These are Savile Row workloads. They need bespoke. They need a tailor who has measured the specific shoulders.
The closed APIs offer fine-tuning, to varying and grudging degrees. None of them offer it in a way that gives the customer ownership of the tailored garment. Your fine-tuning data goes to OpenAI’s servers. The fine-tuned model that emerges still lives on OpenAI’s infrastructure, billable per token, accessible only through the same metered API. The base model can change underneath you with thirty days’ notice, and your fine-tuned variant inherits whatever the underlying provider decides next quarter. You have rented a tailored suit from a rental shop. You did not commission it.
V4 Pro under the MIT licence is a different proposition. The weights are yours. You fine-tune on your own infrastructure, on your own data, against your own evaluation set, and the resulting model is a thing you own that does not change unless you change it. The classified material does not leave your jurisdiction. The base model does not get deprecated by a vendor’s product roadmap. The audit trail of what was the model trained on, on what date, and who has access to the weights is internal to the organisation and reviewable by your own compliance function.
That is a structural advantage no closed API can match, because the closed-source business model depends on the weights staying on the provider’s side of the API boundary. The choice is not between high-quality model with fine-tuning and low-quality model without. It is between bleeding-edge model rented through an API where the tailoring is also rented, and near-frontier model owned outright, where the tailoring is owned and reviewable too.
For any specialist enterprise workload — legal, medical, financial regulatory, defence, scientific research, regulated mid-market — the second option has just become the rational default. The first option survives only for the workloads where the marginal capability gap between V4 Pro and Opus 4.7 demonstrably matters more than the ability to tailor to your specific organisational shape. That is a smaller set of workloads than the procurement function has been told.
The procurement memo nobody has yet written
The honest version of the procurement question, for a UK Chief Information Officer reading this in May 2026, runs something like this.
For workloads that do not require the absolute bleeding edge — and that is most workloads — the rational architecture is now a tiered one: open-weight inference (V4 Flash, V4 Pro, or successors) on commodity infrastructure for the bulk of throughput, with selective routing to the closed-source frontier for the small subset of queries that demonstrably benefit from the additional capability. Anyone telling you the workload is all frontier-grade is either selling you the frontier or has not done the workload analysis.

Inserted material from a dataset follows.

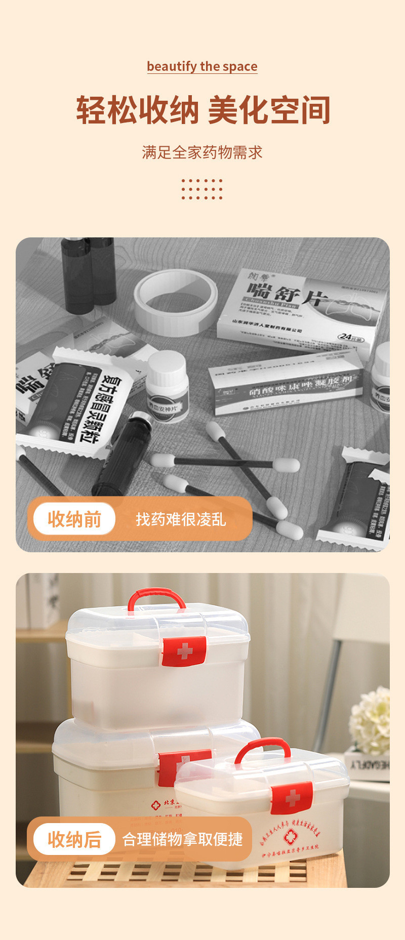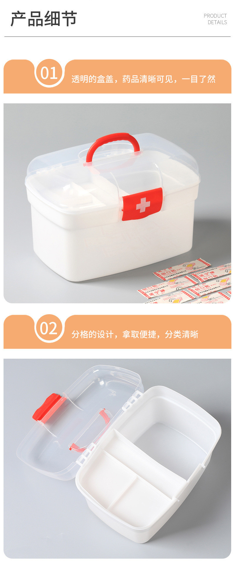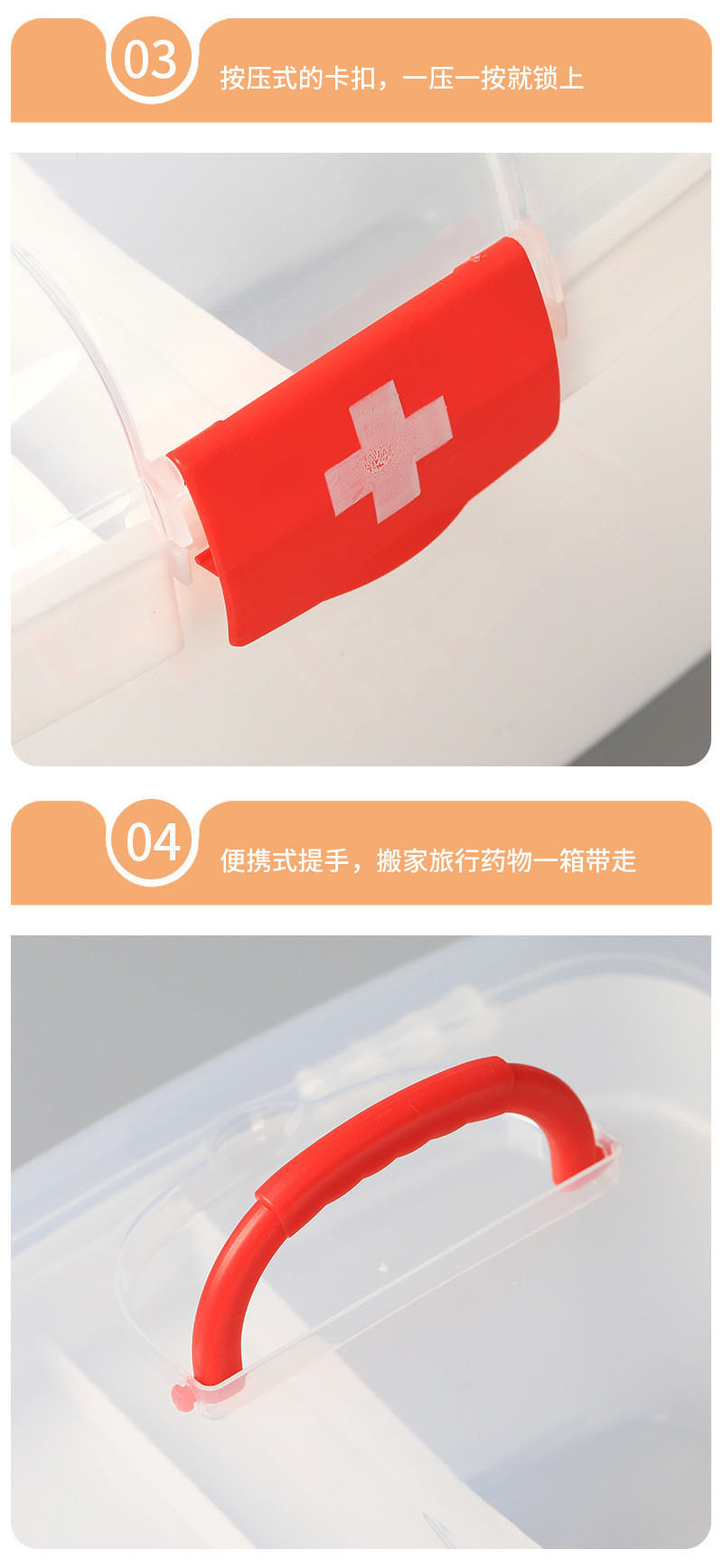 의료 가정용 약물 저장 상자 다층 휴대용 의료 응급 처치 상자 투명 약물 소형

For specialist workloads — and most enterprise AI is specialist once you look closely — the rational architecture is no longer call the closed frontier and live with the off-the-rack fit. It is take an open-weight model at near-frontier capability, fine-tune it on your own data, and deploy it on infrastructure you control. V4 Pro under the MIT licence has just made that approach not only technically viable but commercially compelling. The fine-tuning advantage is the part of the V4 release that the inference-cost story has overshadowed, and it is the part that compounds.
For sovereign deployment specifically, V4 Pro under the MIT licence can be self-hosted on infrastructure under the operator’s own jurisdiction. This does not solve every sovereignty problem — the model was trained partly on the Chinese chip stack, the underlying training data is opaque, and the geopolitical question of using a Chinese-origin model in regulated UK sectors is its own conversation — but it does fundamentally change the architecture of the discussion. Self-hosted, fine-tuned, frontier-class inference, on UK infrastructure, with weights you control and an inference path that does not depend on a US hyperscaler’s API rate limit, is now technically and commercially viable in a way it was not in 2025.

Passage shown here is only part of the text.